### Your goal
Look through the listing below for the line with "Három virágos kékes" and the line with "Lake-PSではコンシューマー向けに販売されているAlder Lake-SやAlder Lake-Hなどをベースにしています。". Copy both, along with every line between them, exactly and with no pictures.

### Raw data
========================================

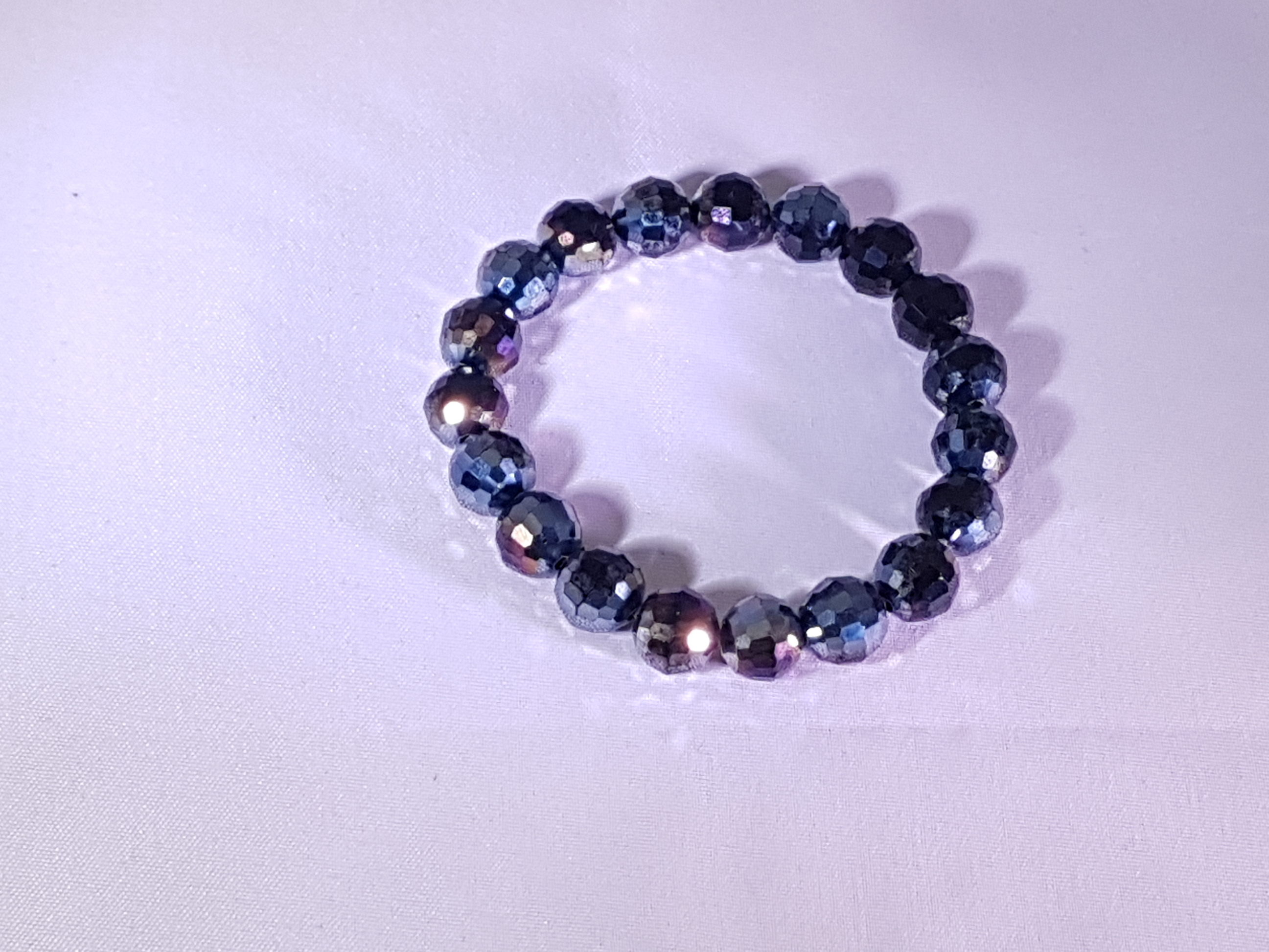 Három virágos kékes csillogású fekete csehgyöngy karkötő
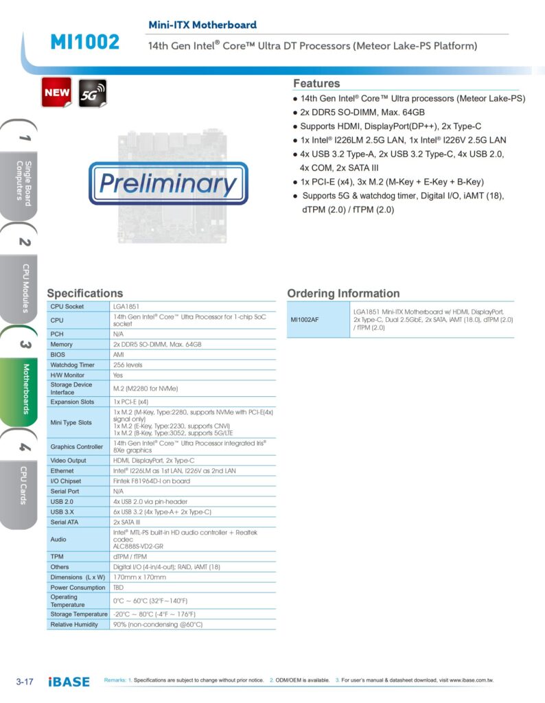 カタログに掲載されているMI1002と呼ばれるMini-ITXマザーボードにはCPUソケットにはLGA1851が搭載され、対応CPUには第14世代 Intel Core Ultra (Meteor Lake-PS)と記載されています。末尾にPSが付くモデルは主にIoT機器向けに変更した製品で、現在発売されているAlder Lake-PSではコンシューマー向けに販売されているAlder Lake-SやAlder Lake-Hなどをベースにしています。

========================================

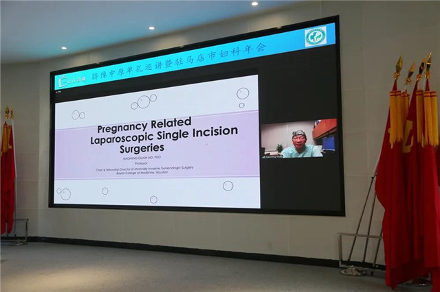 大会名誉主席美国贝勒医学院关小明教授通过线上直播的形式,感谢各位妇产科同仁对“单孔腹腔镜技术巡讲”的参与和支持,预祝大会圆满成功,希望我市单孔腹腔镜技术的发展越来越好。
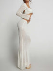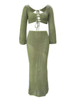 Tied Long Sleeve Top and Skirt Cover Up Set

========================================

### Written solution
 Három virágos kékes csillogású fekete csehgyöngy karkötő
 カタログに掲載されているMI1002と呼ばれるMini-ITXマザーボードにはCPUソケットにはLGA1851が搭載され、対応CPUには第14世代 Intel Core Ultra (Meteor Lake-PS)と記載されています。末尾にPSが付くモデルは主にIoT機器向けに変更した製品で、現在発売されているAlder Lake-PSではコンシューマー向けに販売されているAlder Lake-SやAlder Lake-Hなどをベースにしています。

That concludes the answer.